BY STEPHEN MOORE | Wall Street Journal | Friday, November 9, 2007
I recently spoke with Mart Laar, the former prime minister of Estonia and the godfather of that nation's flat tax. The major opposition to his tax reform, he explained, was not the citizenry; rather it came from the economists and the other Wise Men of government.
"I was told, 'We cannot do a flat tax. It is untested. It will not work. It will cause budget deficits," Mr. Laar recalls. However, he believed it would work because of what he'd read about it in Milton Friedman's classic, "Free to Choose." And so, in 1994, Mr. Laar ignored the economic pundits and snapped into place a 23% flat tax. Estonia has since experienced one of the most rapid growth spurts of any nation in the world.
There's a lesson here for our country: Revolutionary ideas in economics, especially if they don't leverage the power of the state, are often resisted by the intellectual elite. Ronald Reagan discovered this in 1980 when he was ridiculed by the establishment for proposing cuts in marginal tax rates as a cure for the high inflation and economic malaise of the 1970s.
Gardner Ackley, a former chairman of the Council of Economic Advisers, famously told Congress that it would be "a miracle" if the tax cuts worked to reduce inflation and increased growth. But reduced inflation (with an assist from Fed Chairman Paul Volcker) and increased growth is what happened in the 1980s.

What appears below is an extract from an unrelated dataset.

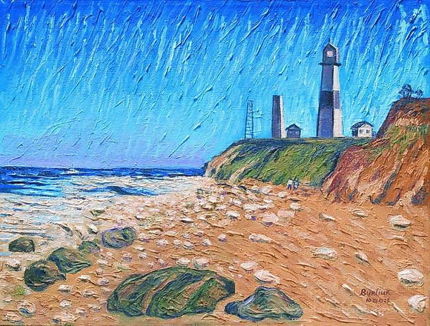 Wir bieten Ihnen eine handgefertigte Reproduktion auf Leinwand des berühmten Kunstwerks 'Leuchtturm an der Küste' von David Burliuk, aus dem Reproduktionsmuseum.

Here we are 27 years later--with 40 million more jobs and a nearly $50 trillion higher net worth--yet the left intelligentsia is still obsessed with discrediting supply-side economics. In recent weeks, the New York Times, the New Yorker, the New Republic and many other liberal publications have devoted great space and attention to attacking the entire theory that lower tax rates can increase incentives for investment, saving and work.
The original champions of these ideas, men such as Arthur Laffer and George Gilder, are not just misguided, they are, according to the New Republic, "deranged," "crackpots," and even "possibly insane." James Surowiecki complains in the New Yorker that supply-side tax prescriptions for the economy are the equivalent of "saying that the best way to treat sick people is to bleed them to let out the evil spirits."

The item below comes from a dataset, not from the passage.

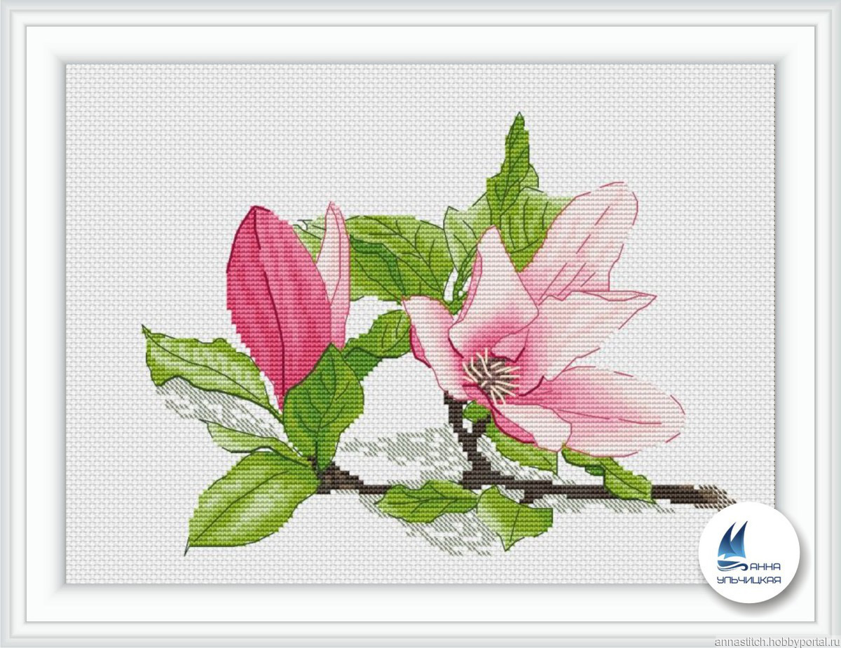 Размер 150х110 крестиков, 19 цветов + 5 блендов, палитра DMC. Используются крест (в 2 нити), полукрест, счетный бэкстич (в 1 и 2 нити).

The quality of this discourse rarely rises above the level of trash talk. Nevertheless, some arguments are repeated with such regularity that they need to be addressed. One is that supply-siders dishonestly claim that tax rate cuts increase tax revenues. Now, we can argue forever whether tax revenues would have been higher or lower without the Bush 2003 tax cuts. But one stubborn fact remains: Tax receipts are up, not down, by $745 billion in four years since the 2003 tax cuts.
It's one thing for the supply-side critics to have predicted four years ago that the Bush tax cuts would increase the budget deficit. But Mr. Surowiecki tells us, today, that "myriad studies" find that the Bush tax cuts "led to bigger budget deficits."
Bigger deficits? After the second Bush tax cut of 2003, the budget deficit tumbled to $163 billion in FY 2007 from $401 billion in FY 2003.
Supply-side economics is also denounced as a flim-flam whose sole purpose is to give jumbo-sized tax handouts to corporations and high-income earners. Since so many upper-income and wealthy Americans are Democrats, however, it's not clear why Republicans would be so preoccupied with helping them.
In any case, the share of taxes paid by the top 1% and 5% income earners has consistently risen from 1980 through 2007, even as tax rates declined. Today the highest income tax rate is half what it was in the 1970s. Yet the share of taxes paid by the top 1% of income earners is twice (39%) today what it was then (19%).
Regardless of what one believes about the distributional effects of the Reagan and Bush tax cuts, there's no expunging the reality that the economic growth rate surged after each of these changes--just as they did in the 1960s after President Kennedy's tax rate cuts. Robert Rubin and others reply that the economy boomed in the 1990s too, after Bill Clinton raised taxes. But supply-siders never argued that only tax cuts matter. Trade matters. Sound money matters. Regulations matter. In the 1990s, monetary, trade and spending policies were all leaning in a pro-growth direction, possibly offsetting the negative impact of the Clinton tax rate hikes.
What the critics have no plausible answer for is this: If the supply-side tax rate reduction model is truly so abhorrent, why are so many nations around the world latching on to it? What explains the Irish Miracle? Why are Germany, France and the U.K. slashing their corporate tax rates? Why are there 18 countries with flat taxes? Are their leaders deranged, or been bamboozled by crackpots? Perhaps a better explanation is that they know intuitively what a new National Bureau of Economic Research study has found: Nations with low tax rates on business have statistically significant higher rates of new business formation, investment and income.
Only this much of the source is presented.